Sandinista: A Novel of Nicaragua
Peter Martin is a senior projects editor at the University of Ottawa
Marie Jakober’s novel about the revolution in Nicaragua in the mid-seventies is a great deal betten than one has any reason to expect.
Ms. Jakober is clearly partisan (as is her publishing house, which has several titles in print extolling the Sandinistas), but her revolutionary characters are not wholly flawless, nor are her reactionary ones wholly repulsive. The people in the novel are all symbolic: aristocratic landowner, wealthy businessman, impoverished revolutionary from the barrio, radicalized revolutionary from the middle class, and so on. But all these characters (and others, of course) whose lives and fates are inextricably intertwined in the small society of Nicaragua are vividly, sympathetically realized.

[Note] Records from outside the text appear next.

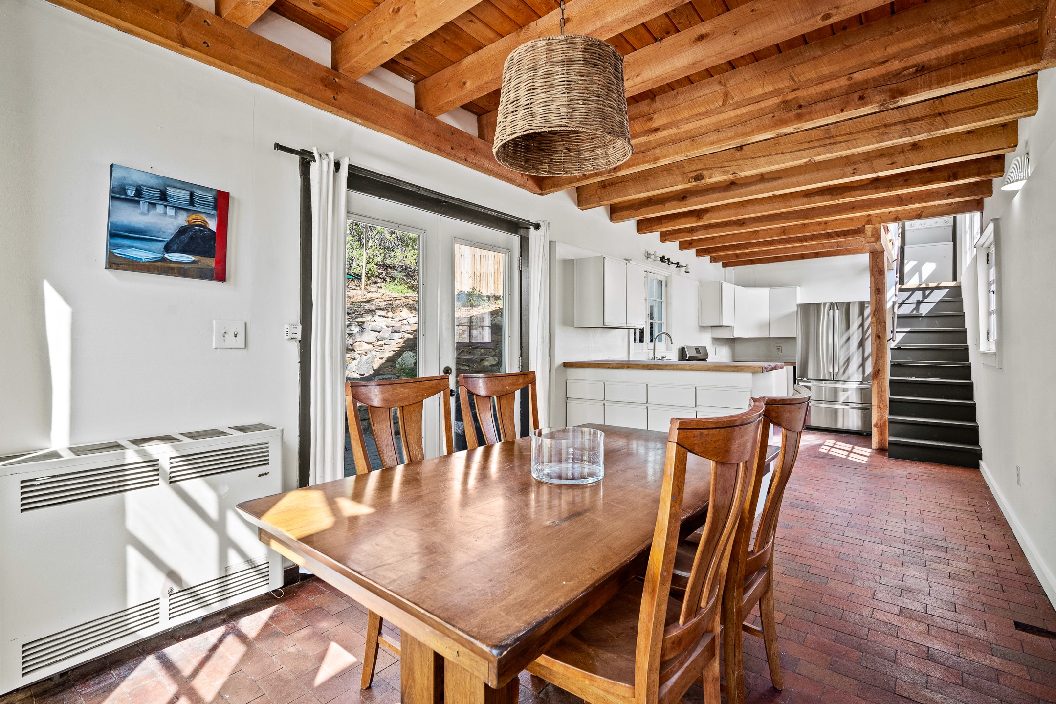 On a hillside within a few minutes walk of the entertainment and dining in Madrid, this well maintained two-story home is sure to charm. Outside, the terraced lot leads up to a separate studio space with loft. The white exterior and pitched metal roof add desert style, and a back patio provides space for outdoor relaxation. Inside, the home opens into a spacious living room with wood heat, wood flooring and a viga ceiling. The kitchen has brick flooring, large windows and a glass door to the patio, A large, open bedroom is situated on the second floor above the kitchen with ample light and The lot's elevation allows for views over the town.
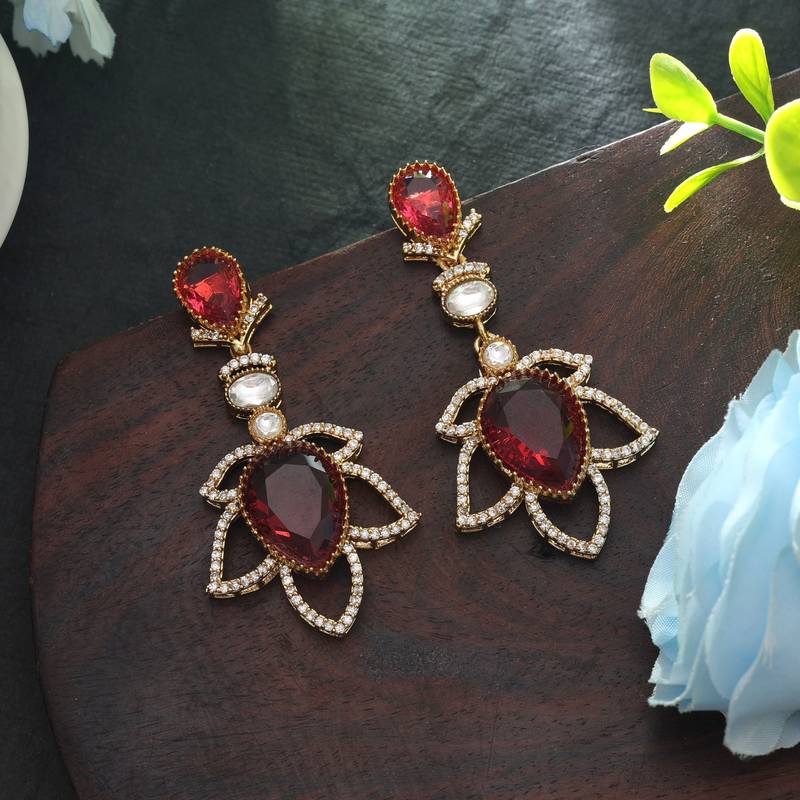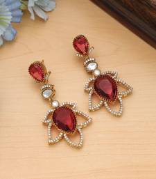| Product Description | Earring Length: 6.20 Cm X Width: 3.20 Cm | Metal: Brass With Good Quality Gold Plated | Color: Red | Stone: American Diamond & Monalisa Stone | Gross Weight: 23.00 Grams | Package Content: 1 Pair Of Earrings | Back Finding: Post With Friction Back X Earring Style: Dangle |
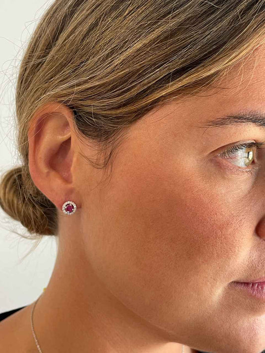 Pendiente GAC oro blanco de 18 ktes centro color rodeado de brillantes

Daniel, the poor boy from the barrio who turned to terrorism after the death of his labor-leader father, is central to the story, along with Pilar, the radicalized rich girl who is Daniel’s lover. They struggle to overthrow the Somoza dictatorship and they are hunted by the brutal counter-terrorist National Guard.
Marie Jakober researched her novel on the spot, and it’s rich with the sights and sounds and smells of Nicaragua. Havana and Wall Street are acknowledged, if unseen, forces in the struggle, but Jakober argues convincingly that the Sandinistas are an indigenous force, in arms against social injustice.